### INFORMATION SHOWN:
________________

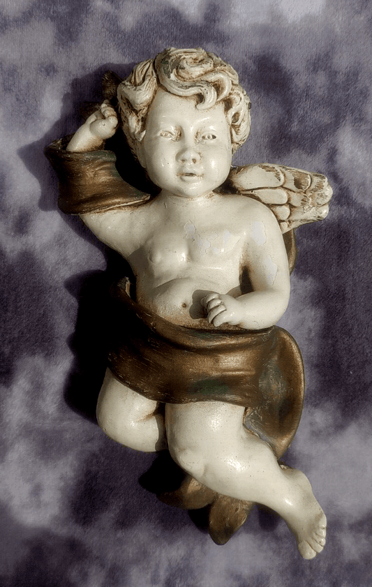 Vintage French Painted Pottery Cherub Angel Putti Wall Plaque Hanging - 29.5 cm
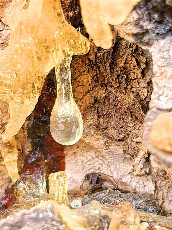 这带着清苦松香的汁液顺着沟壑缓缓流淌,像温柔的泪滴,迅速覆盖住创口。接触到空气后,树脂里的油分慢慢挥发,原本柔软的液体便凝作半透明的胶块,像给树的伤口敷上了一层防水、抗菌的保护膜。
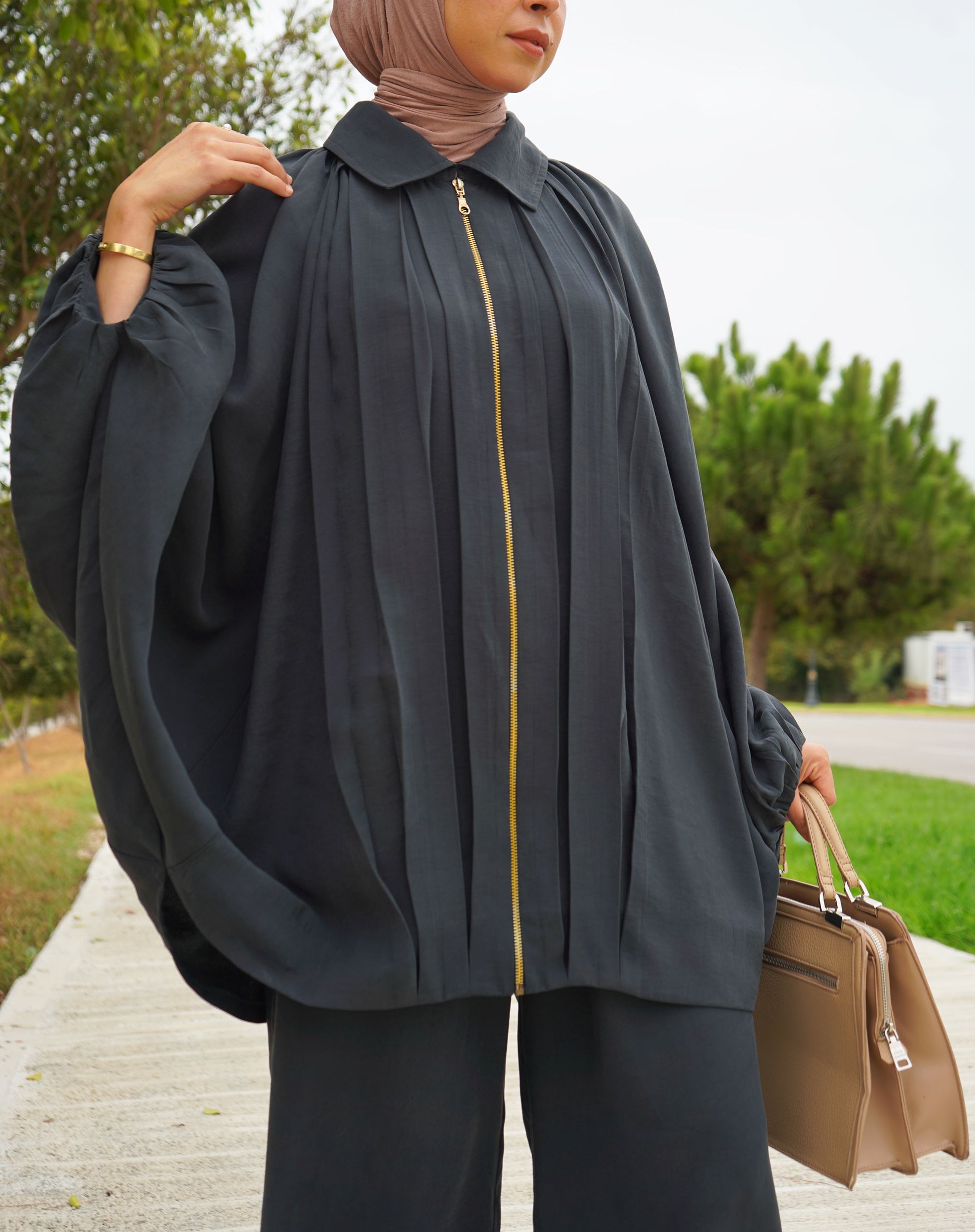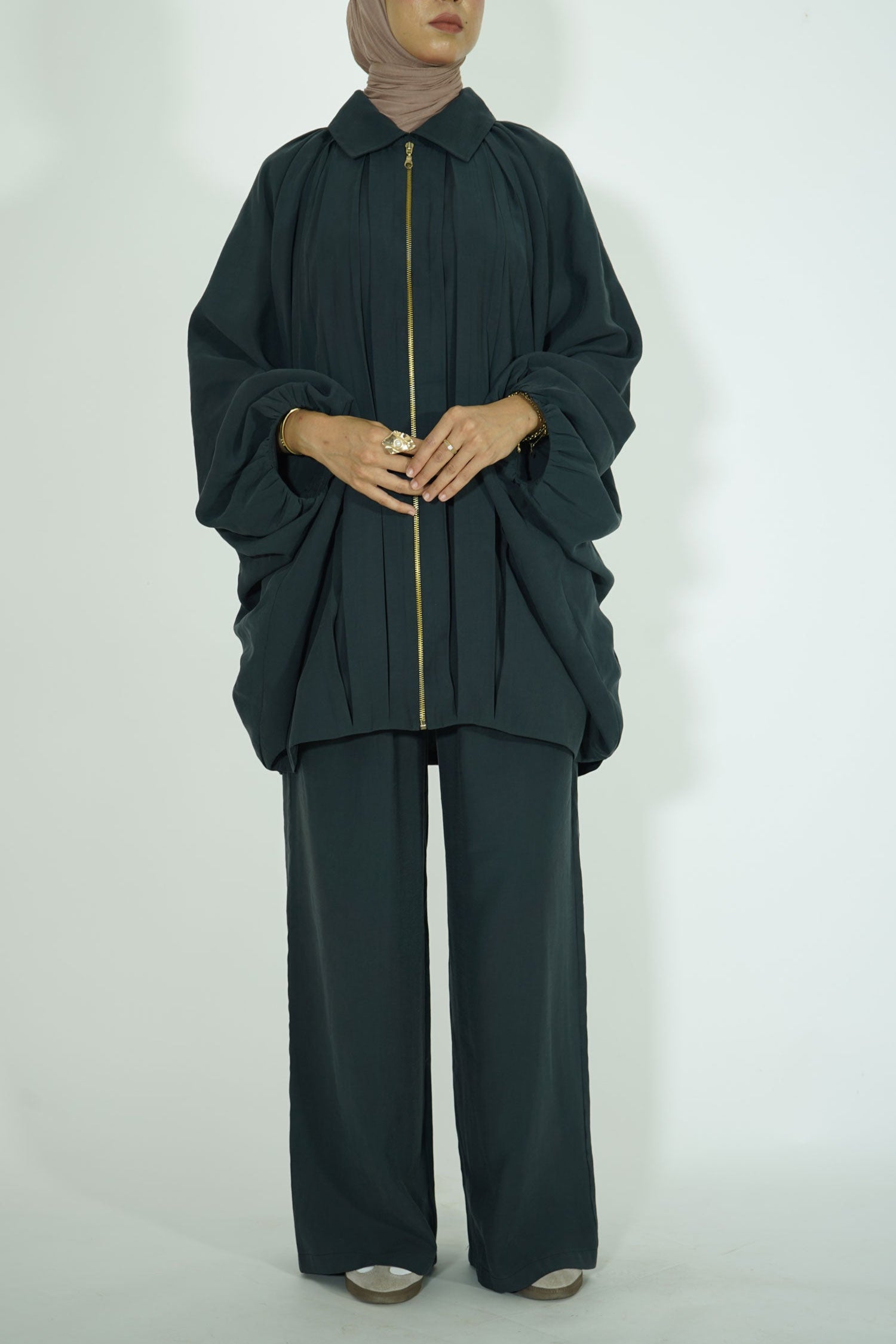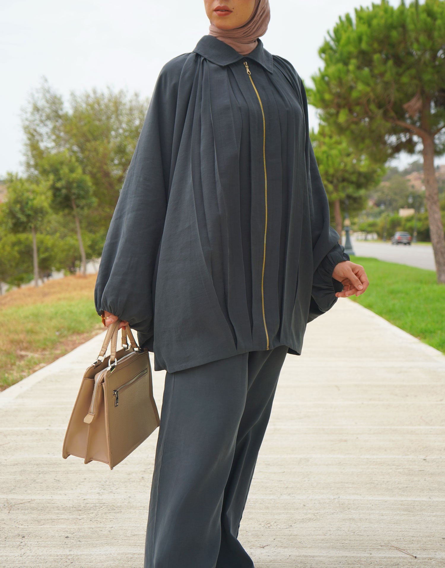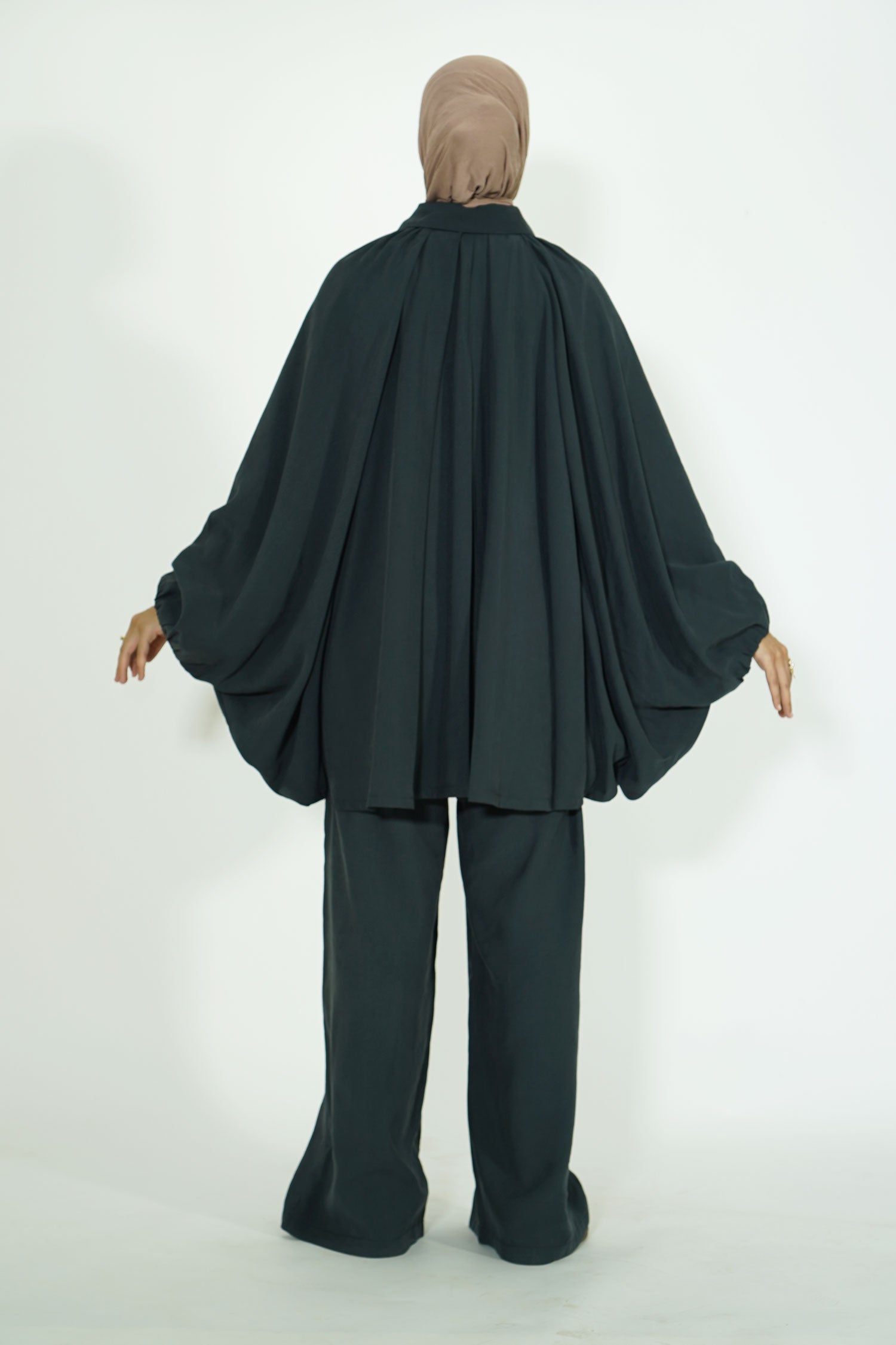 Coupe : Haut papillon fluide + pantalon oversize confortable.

________________

### ACTIVITY:
Set down all the material exactly once more. No pictures.

### RESULT FOR THIS EXERCISE:
 Vintage French Painted Pottery Cherub Angel Putti Wall Plaque Hanging - 29.5 cm
 这带着清苦松香的汁液顺着沟壑缓缓流淌,像温柔的泪滴,迅速覆盖住创口。接触到空气后,树脂里的油分慢慢挥发,原本柔软的液体便凝作半透明的胶块,像给树的伤口敷上了一层防水、抗菌的保护膜。
 Coupe : Haut papillon fluide + pantalon oversize confortable.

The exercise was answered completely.